In http://gtoolkit.com we've added Socket>>setCloseOnExec: which does just what you suggest above.

Perhaps this should be added to Pharo :-).

gtoolkit.com
Home
Glamorous Toolkit is the moldable development environment.

Rinzwind commented 1 year ago

Ah yes, would be good to add that to Pharo: I see the implementation is in ‘GToolkit-Utility-File’, as an extension on Socket which delegates to a corresponding method on SqSocket.

As for the alternative I had in mind of explicitly mapping the file descriptors, I’ve noted there’s a method #closeAllButStandardFileStreams in OSSubprocess though it’s not actually implemented. OSSubprocess makes use of posix_spawn; the functions for manipulating the file_actions unfortunately don’t seem to provide a way to close a range of file descriptors. The rationale for close in POSIX.1-2017 also says “The standard developers rejected a proposal to add closefrom() to the standard […] it is not possible to standardize an interface that closes arbitrary file descriptors above a certain value […].”

daniels220 commented 10 months ago

I would strongly support integrating this in base Pharo, and in fact making it the default for new FDs (file and socket both), requiring a setCloseOnExec: false[^2] to get the old behavior. I suggest this because there is a potential race condition when one Process opens a file/socket, then sets FD_CLOEXEC, while another forks a child process. Presumably if the one doing the fork wants the FD inherited, there would be no race condition with them clearing FD_CLOEXEC before forking[^1]. So rather than add an extra argument to a huge number of methods—consider all the implementors of [binary]writeStream[Encoded:][do:]!—it seems better to apply a safe default, then have a single point of entry to change it back.

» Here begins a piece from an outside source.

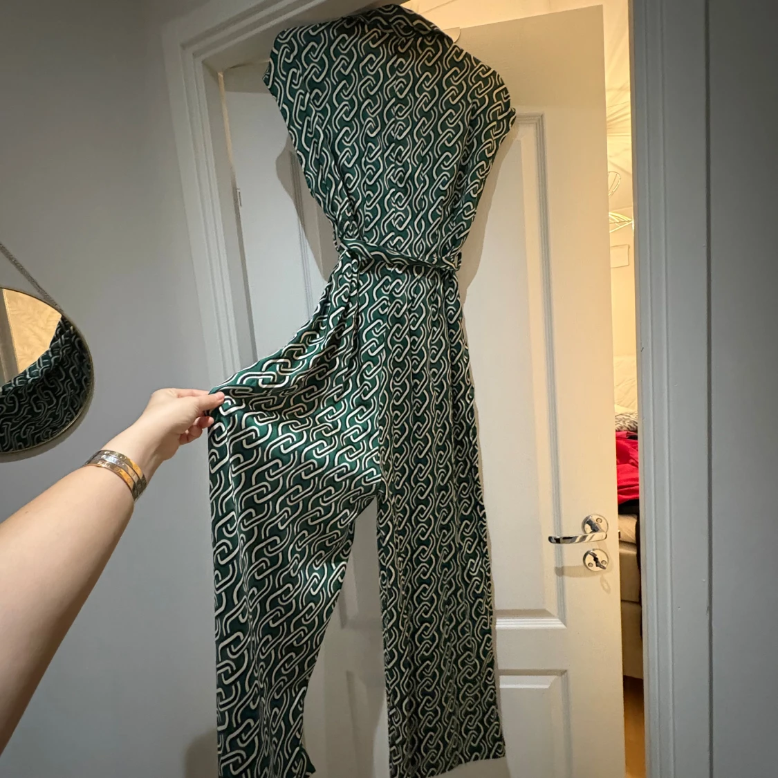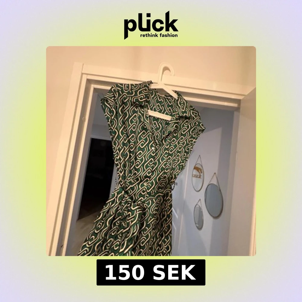 Snygg långklänning i grönt med vitt grafiskt mönster. Klänningen har omlottkänsla, knyt i midjan och korta ärmar. Materialet är mjukt och följsamt, perfekt för dig som gillar statement-plagg med coola detaljer.💚

I see in the code that GT is using a custom primitive for fcntl(), noting that FFI doesn't support varargs functions on ARM64 (in fact, if my research is correct, it's specifically ARM64/macOS that is different). For anyone wishing to use this code in their own application without loading, presumably, a binary plugin, it appears that on x86_64, a varargs function is called just like a fixed-args function declared with that exact pattern of args—that is, calling fcntl(my_fd,F_SETFD,existing_flags|FD_CLOEXEC) works exactly as if fcntl() was declared as int fcntl(int fd, int cmd, int arg), even though in fact the declaration is int fcntl(int fd, int cmd, ... /* arg */ ). So we can declare the FFI method this way, bypassing the lack of explicit varargs support:

fcntl: fileDescriptor _: cmd _: arg
    "Perform the specified fcntl command."

    ^ self ffiCall: #( int fcntl #( int fileDescriptor , int cmd , int arg ) )

And the code will then work on most platforms without the plugin. This is taking advantage of undefined behavior, so the usual caveats about nasal demons apply, but it's a workable stopgap solution.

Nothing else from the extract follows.